I hated writing a newsletter.
I love guiding people towards some fundamental insight.
As it turns out, I was writing for the wrong audience. Most of you already understand the criticality of bitcoin. What you needed help with was communicating that to those you care about.
The key to teaching others about bitcoin is to teach around bitcoin. This encompasses monetary history, technology adoption, and cognitive biases.
In a single word: incentives.
So that's what I'm going to help you with.
People don't react well when reality reveals their ignorance.
In 1999, Russell Foster discovers a new type of cell in the eye that can detect light independent of previously known cells. Instead of celebrating the discovery, the ophthalmology community tried to discredit him.
"They struggled to accept that something they had been studying for 150 years–namely the human eye–had a type of cell whose function they had completely overlooked." –Russell Foster
Lesson: scientific and technological breakthroughs are rarely welcomed by the status quo because it may threaten their livelihood or be a source of embarrassment.
Declining birthrates = global battle for talent.

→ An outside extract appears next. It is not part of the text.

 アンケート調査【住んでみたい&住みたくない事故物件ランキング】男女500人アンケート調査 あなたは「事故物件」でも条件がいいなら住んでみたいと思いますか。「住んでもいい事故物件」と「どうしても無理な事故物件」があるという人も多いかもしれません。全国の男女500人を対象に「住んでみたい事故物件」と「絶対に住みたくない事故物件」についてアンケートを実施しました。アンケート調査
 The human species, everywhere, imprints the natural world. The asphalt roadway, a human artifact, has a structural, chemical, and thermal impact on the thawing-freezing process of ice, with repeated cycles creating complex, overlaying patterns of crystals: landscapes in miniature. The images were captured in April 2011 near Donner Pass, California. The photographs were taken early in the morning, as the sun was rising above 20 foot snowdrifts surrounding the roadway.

No country (no matter how sacred) is immune to a declining quality of life. When economic conditions become excessively burdensome, individuals with the capacity will permanently exit a jurisdiction in an effort to avoid anticipated societal decline and increased rates of taxation required to pay it off.

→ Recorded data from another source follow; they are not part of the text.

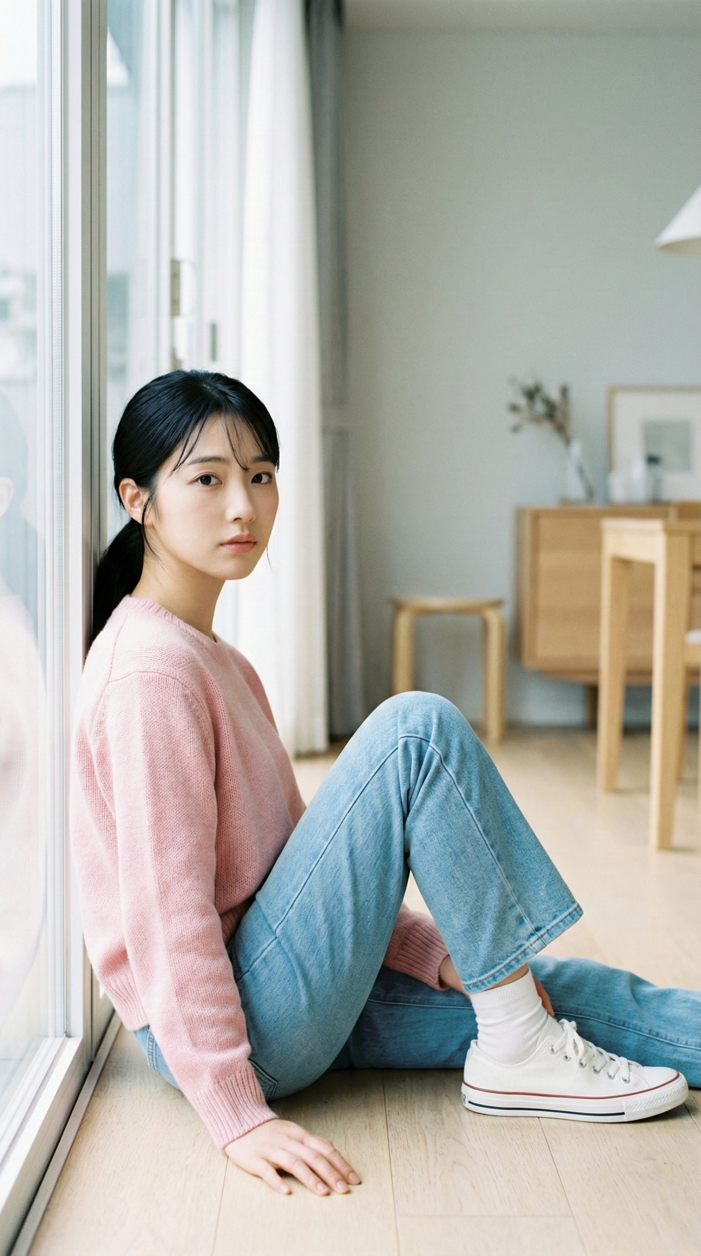 "位置": "坐在大窗旁的地面",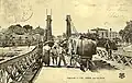 With the transition to the steam engine, the port of Agde became a shipping point for foodstuffs, it was connected to the railway on a state planning decision concerning the Canal du Midi;[20] The floating bridges before the suspension iron bridge 1836 are the solution to the overflow of the Hérault (the entry carries a tax for 9 years).[21] The episcopal palace is cut in two for the passage of the bridge - the right part became the actual Hôtel de la Galiote, the left part the gendarmerie and the prison (which were demolished in 1982) -.[22]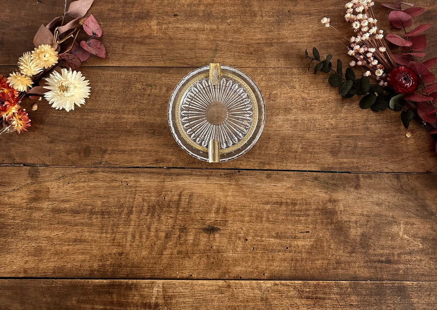 Joli petit cendrier en cristal moulé cerclé de métal doré. Estimation années 70. Quelques petites traces du temps

“In the Information Age.. the rational person will not respond to the prospect of higher taxes to fund deficits.. Sovereign individuals and other rational people will flee jurisdictions with large unfunded liabilities.” —The Sovereign Individual (Davidson & Rees-Mogg)
The mobility of skilled workers has been unlocked over the last two decades. Now we have capital that is digital, frictionless and borderless. It's a dangerous combination for complacent nations.
Lesson: Talent and capital goes to where it's treated best.